И тут Лебедько вспоминает, что давеча в трактире Карамболь увещевал Маламента в том, что циник и негодяй Фёдор Карамазов, дескать, сродни самому Джокеру. Разволновавшись не на шутку, Владислав Евгеньевич тщится вызвать в воображении своём образ этого самого Джокера, что, в конце концов, ему сколько-нибудь да удаётся. Образ рисуется весьма абстрактный и туманный. Однако же, нет сомнения в том, что сей мерцающий всполохами огоньков то здесь, то там и постоянно норовящий измениться контур не то карлика, не то исполина — и есть этот самый Джокер. Взывает к нему наш бедолага: «Вразуми меня непутёвого — скоморошество ли мой удел, либо жизнь моя действительно бестолкова и расхлябана?» Как будто бы из бури ответствует ему хитрый голос образа: «А, ты братец, человек пилотажу высокого, но не убедительного, - оригинал величайший — самого Джокера сымитировал. Ты — пародия на меня!», - «Пародия на Джокера?

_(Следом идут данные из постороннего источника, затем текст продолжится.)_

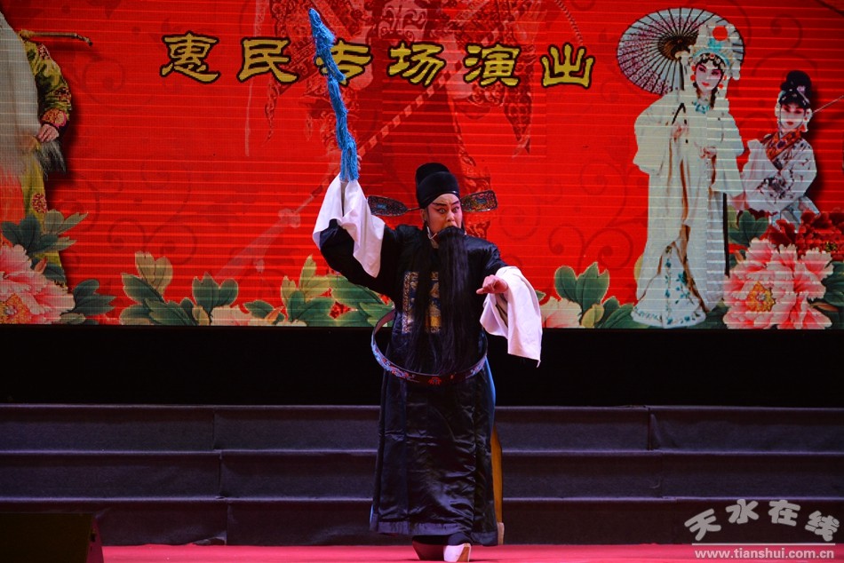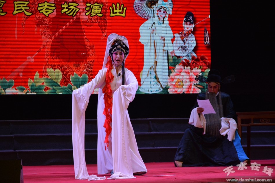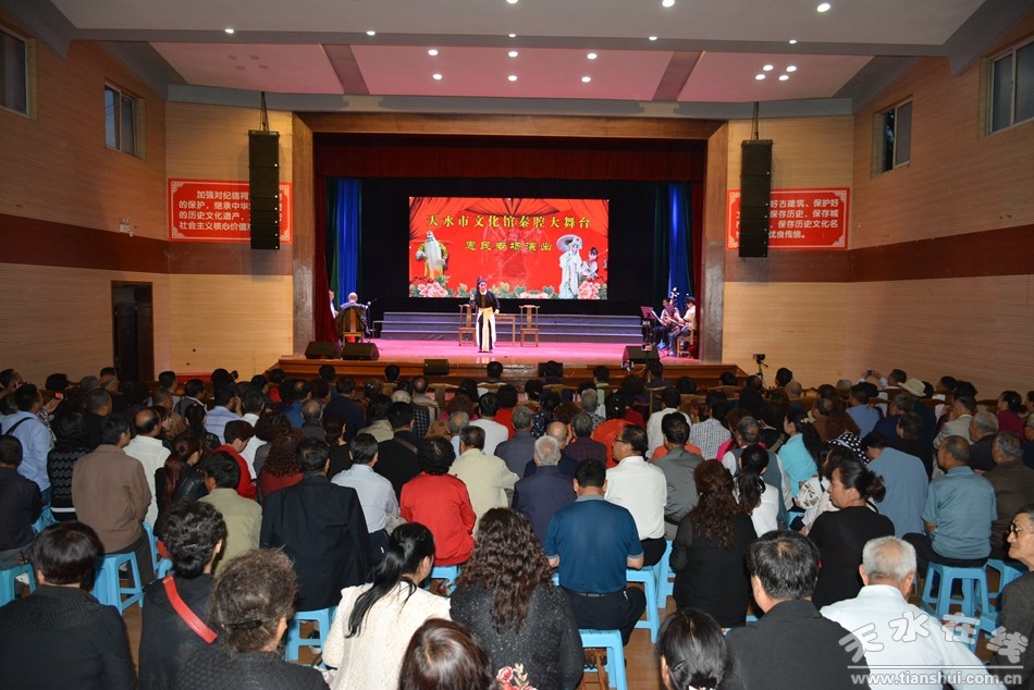 天水市文化馆秦腔艺术团组织天水市西秦腔艺术研究院、国家二级演员李秋芳、张鹿娃、胡雪梅,麦积区秦剧团、国家二级演员焦婵丽,天水市当红小生、非遗传承人李爱琴弟子贺小慧以及我馆历届戏曲票友大赛秦腔获奖得主、麦积区秦剧团优秀青年演员王兴平,天水师院大学生石俊杰、高圆圆等新秀演员组成强大演出阵容,相继表演了《杀狗劝妻》、《窦娥冤-托梦》、《周仁回府-哭墓》、传统历史剧折子戏《杨廉悔路》、秦腔清唱《周仁回府-夜逃》、《砍门槛》等著名选段。

Наконец-то имя для меня найдено, как говаривал старик Островский!», - «Да ты хват! Откусил от меня кусок и, фактически, создал вокруг него некий мирок и даже убедить и себя и окружающих умудрился, что вот такой Джокер и есть! Комнатный Джокер, ха-ха-ха! Да ты, брат, не стыдись, ибо в тех условиях, в которых ты живёшь, это можно даже неким мастерством назвать. Я, как Джокер свидетельствую — ты мастер! Очень своеобычный, ибо остальные мастера они в чём-то основательные, а ты — мастер неосновательности. Надобно тебе медаль соорудить специальную и выдать от имени международной организации «Рога и копыта»», - тут расплывчатый до того образ превратился в Арлекина с бубенчиками в голове и пошёл ходить колесом, удаляясь к линии горизонта, а затем и вовсе превратившись в точку.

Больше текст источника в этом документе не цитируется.